**Exercise requirements:**
Repeat the listing below exactly. Pictures do not belong in the copy.

**Provided data:**
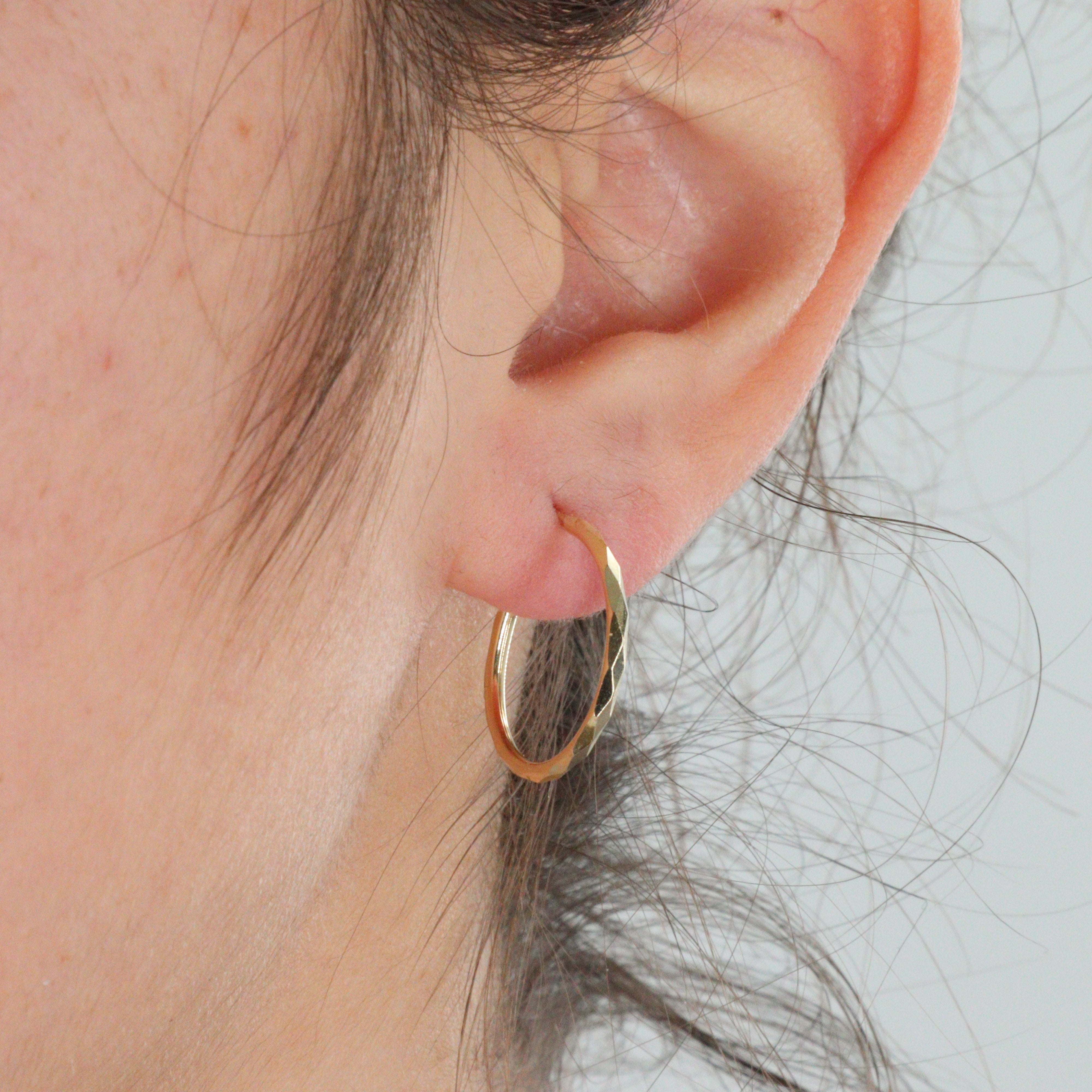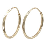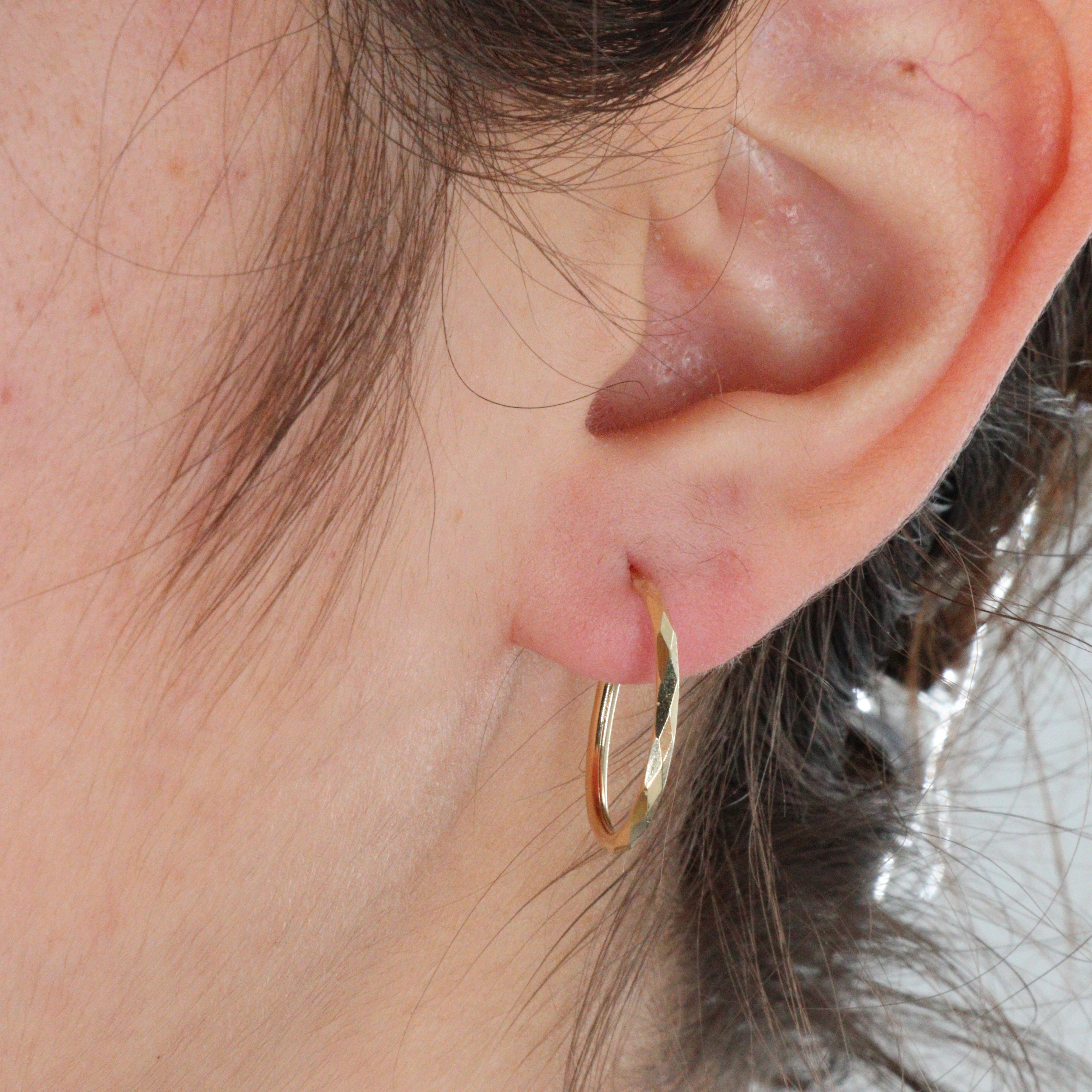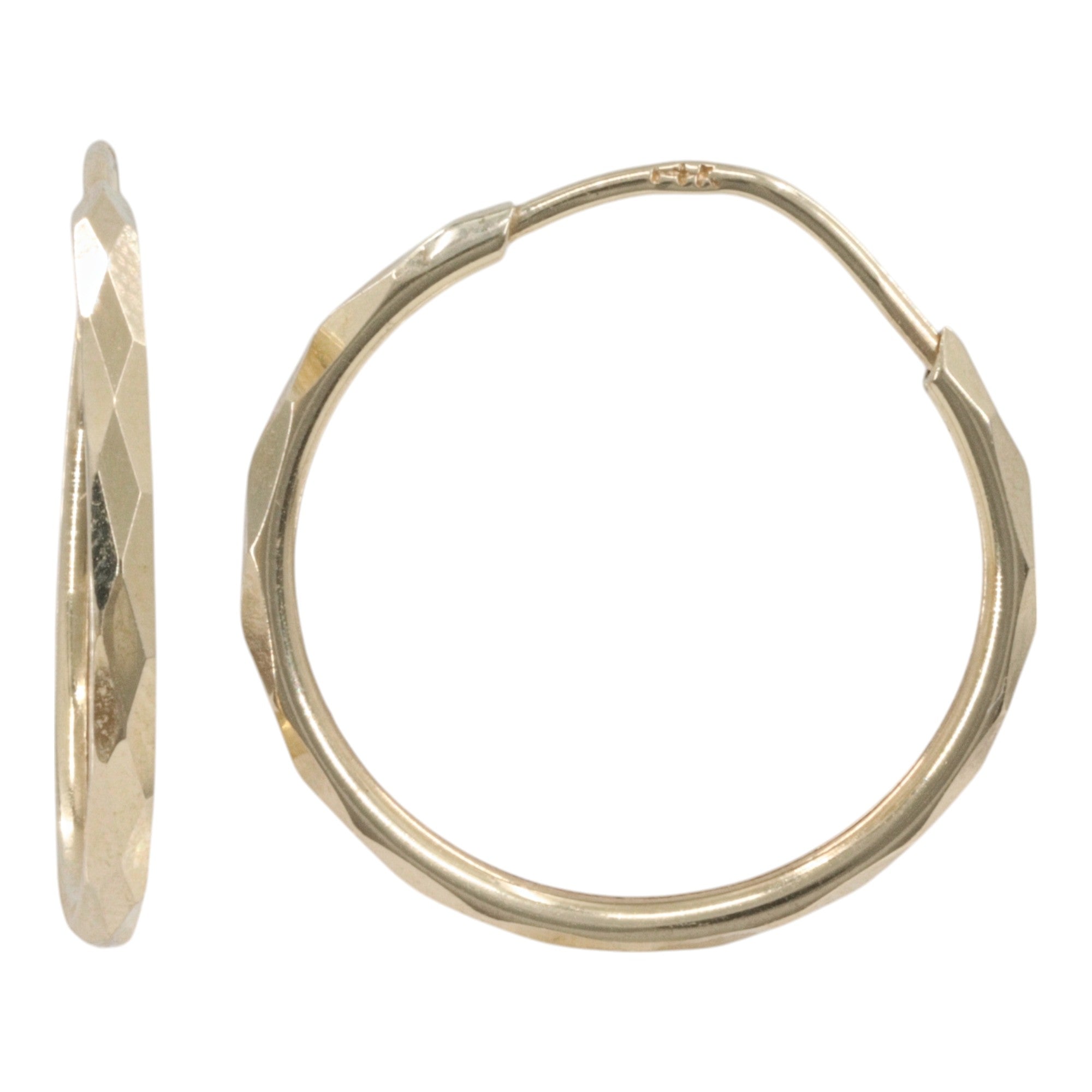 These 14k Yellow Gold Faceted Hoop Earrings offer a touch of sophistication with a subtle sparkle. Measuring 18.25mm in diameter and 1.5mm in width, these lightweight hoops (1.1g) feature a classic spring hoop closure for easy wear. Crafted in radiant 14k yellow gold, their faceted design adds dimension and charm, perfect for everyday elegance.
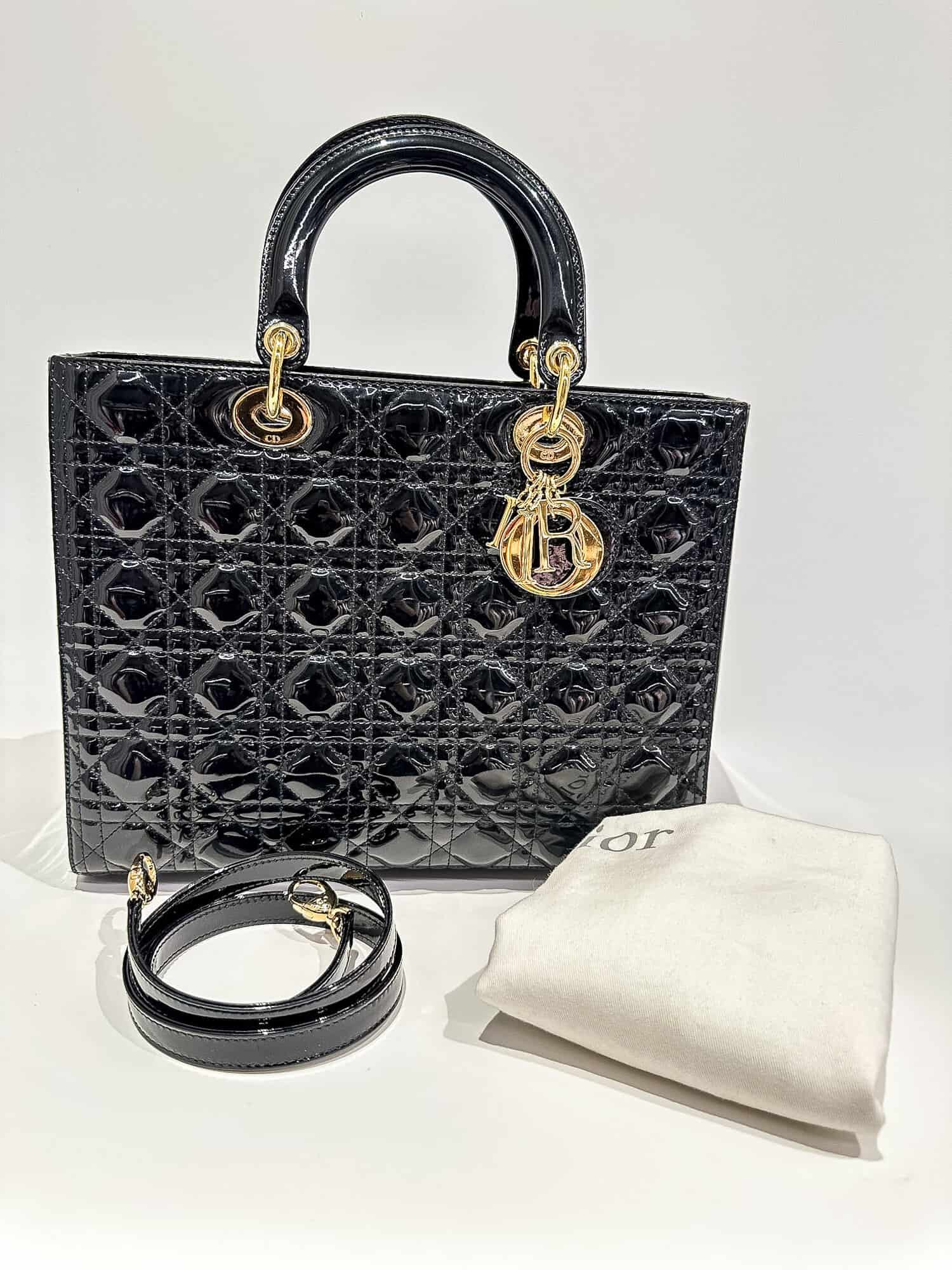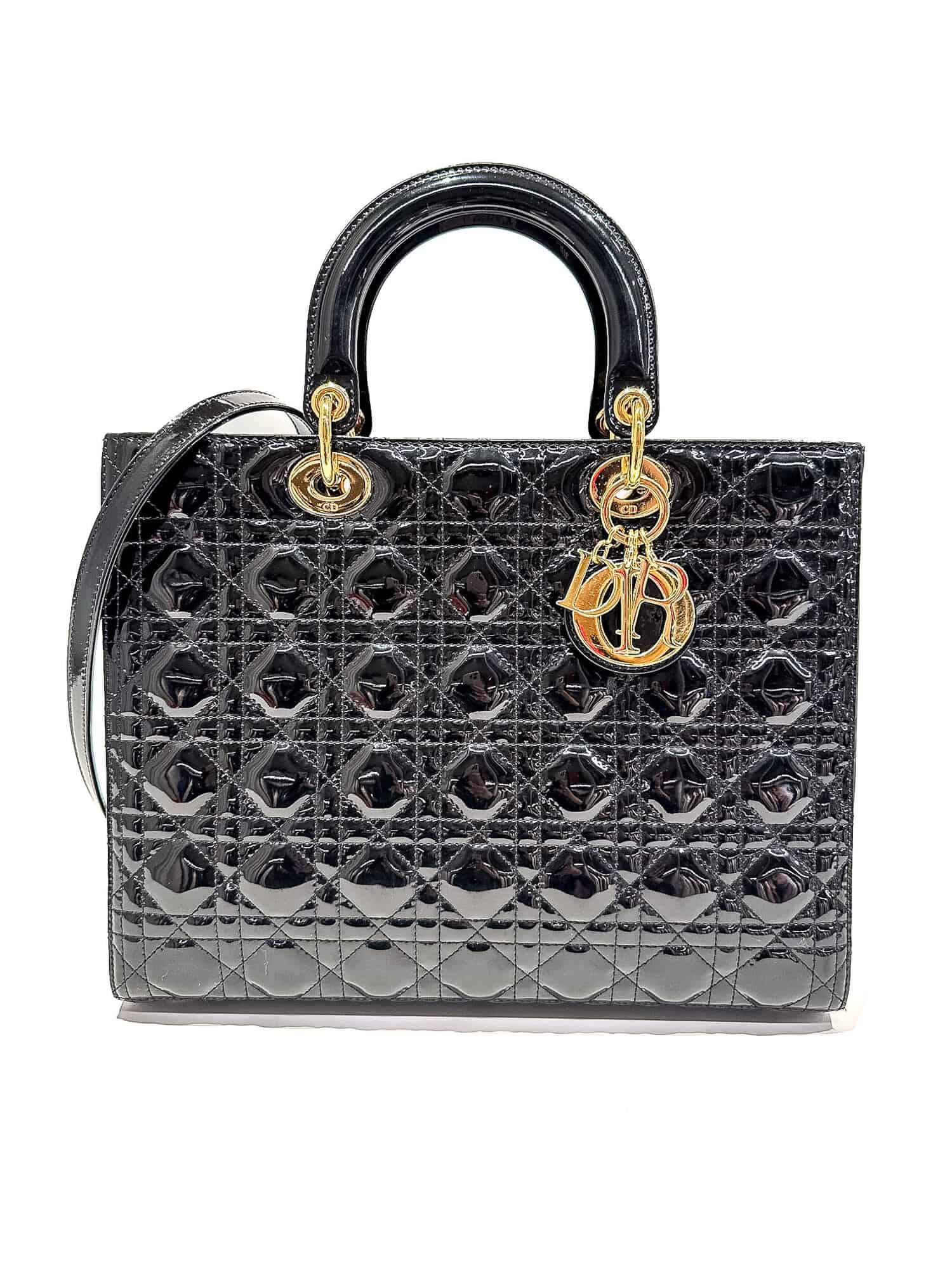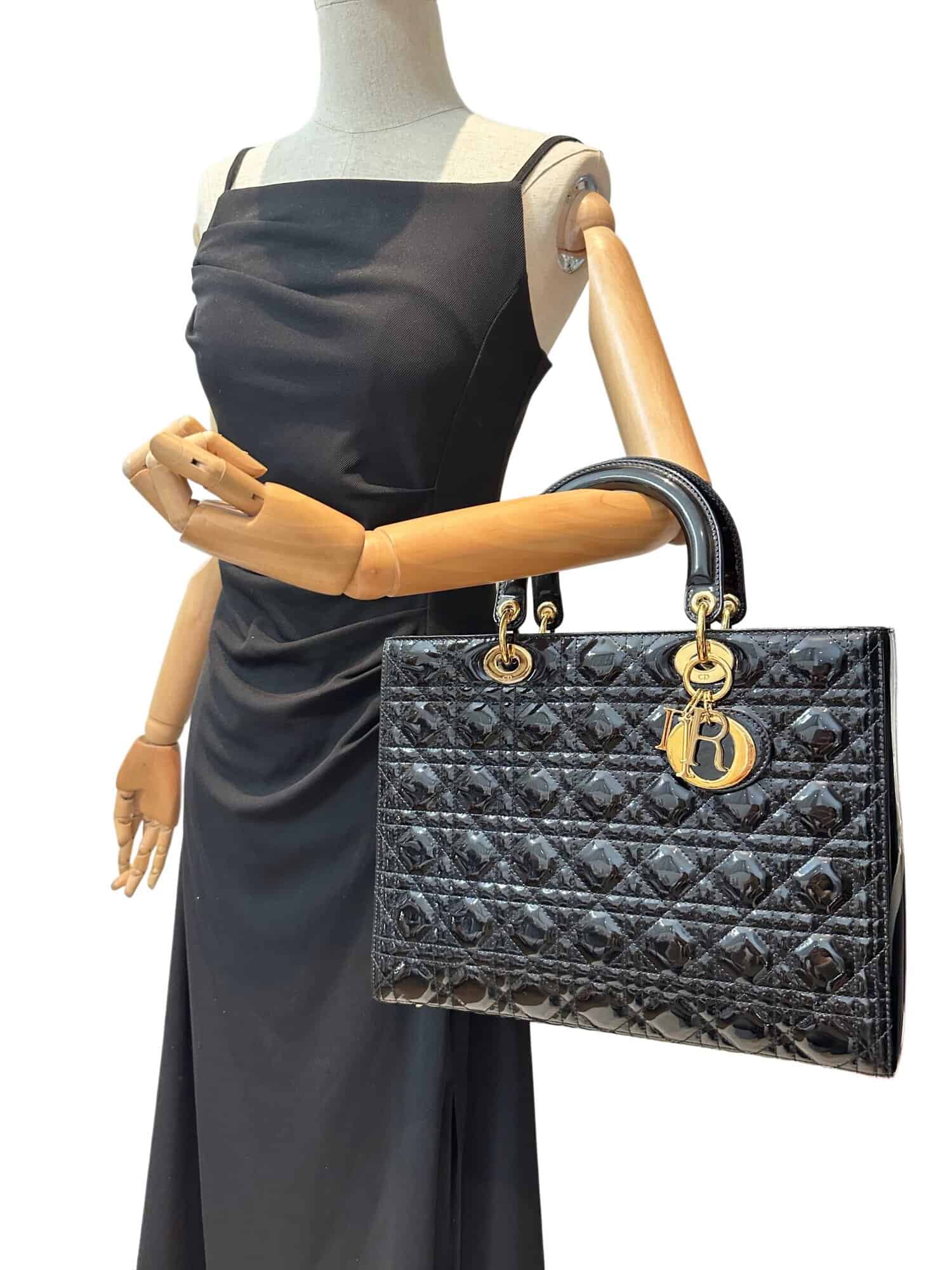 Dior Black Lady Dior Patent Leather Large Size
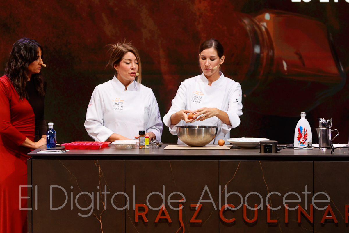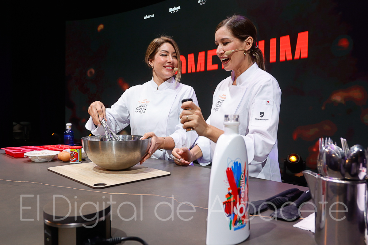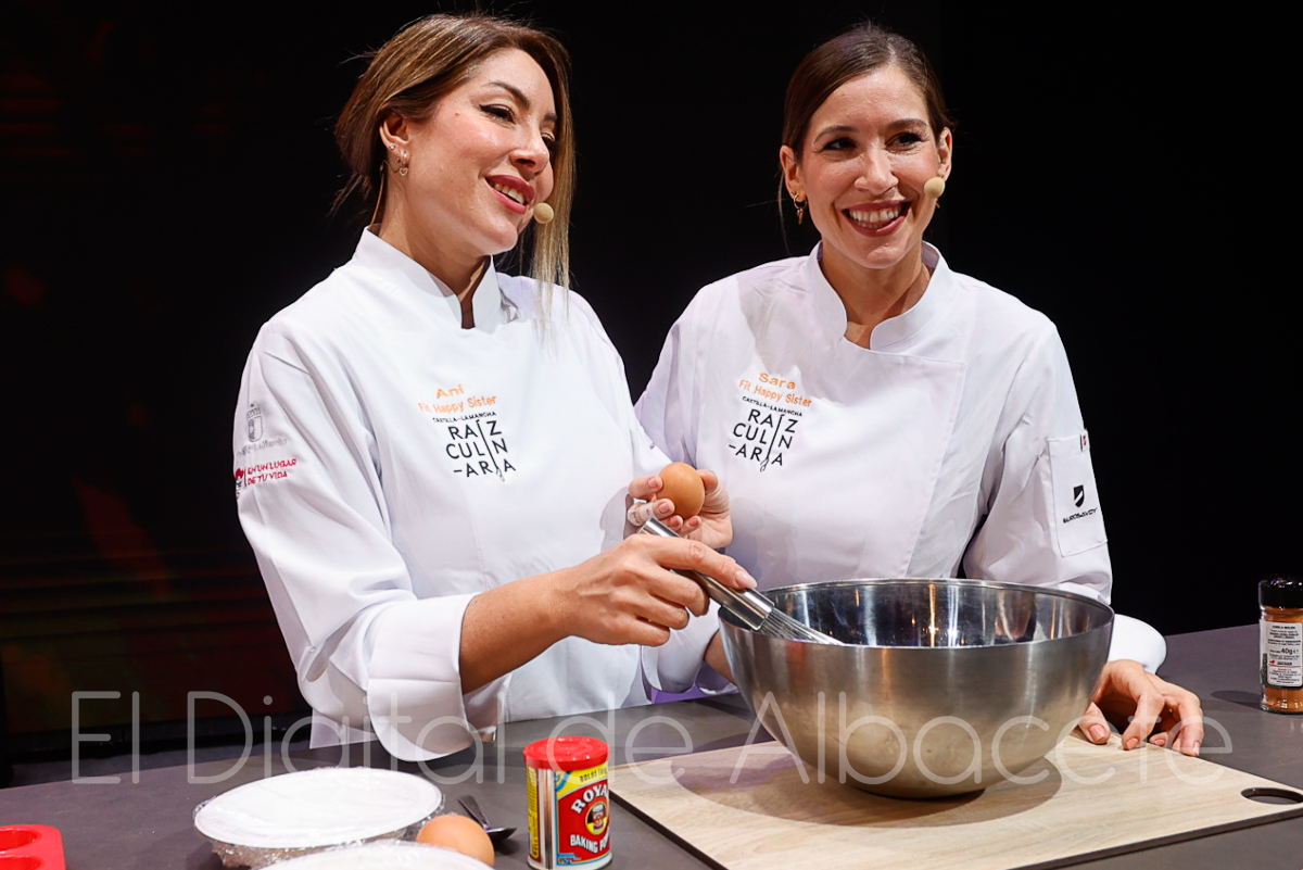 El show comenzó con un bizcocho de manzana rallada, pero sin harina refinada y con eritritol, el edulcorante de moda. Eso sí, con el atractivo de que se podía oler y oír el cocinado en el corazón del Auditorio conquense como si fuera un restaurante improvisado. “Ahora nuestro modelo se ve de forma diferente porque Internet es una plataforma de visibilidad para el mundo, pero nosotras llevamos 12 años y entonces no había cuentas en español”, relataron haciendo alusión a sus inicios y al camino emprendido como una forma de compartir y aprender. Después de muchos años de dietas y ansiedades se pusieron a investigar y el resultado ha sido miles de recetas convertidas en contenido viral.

**Task response:**
 These 14k Yellow Gold Faceted Hoop Earrings offer a touch of sophistication with a subtle sparkle. Measuring 18.25mm in diameter and 1.5mm in width, these lightweight hoops (1.1g) feature a classic spring hoop closure for easy wear. Crafted in radiant 14k yellow gold, their faceted design adds dimension and charm, perfect for everyday elegance.
 Dior Black Lady Dior Patent Leather Large Size
 El show comenzó con un bizcocho de manzana rallada, pero sin harina refinada y con eritritol, el edulcorante de moda. Eso sí, con el atractivo de que se podía oler y oír el cocinado en el corazón del Auditorio conquense como si fuera un restaurante improvisado. “Ahora nuestro modelo se ve de forma diferente porque Internet es una plataforma de visibilidad para el mundo, pero nosotras llevamos 12 años y entonces no había cuentas en español”, relataron haciendo alusión a sus inicios y al camino emprendido como una forma de compartir y aprender. Después de muchos años de dietas y ansiedades se pusieron a investigar y el resultado ha sido miles de recetas convertidas en contenido viral.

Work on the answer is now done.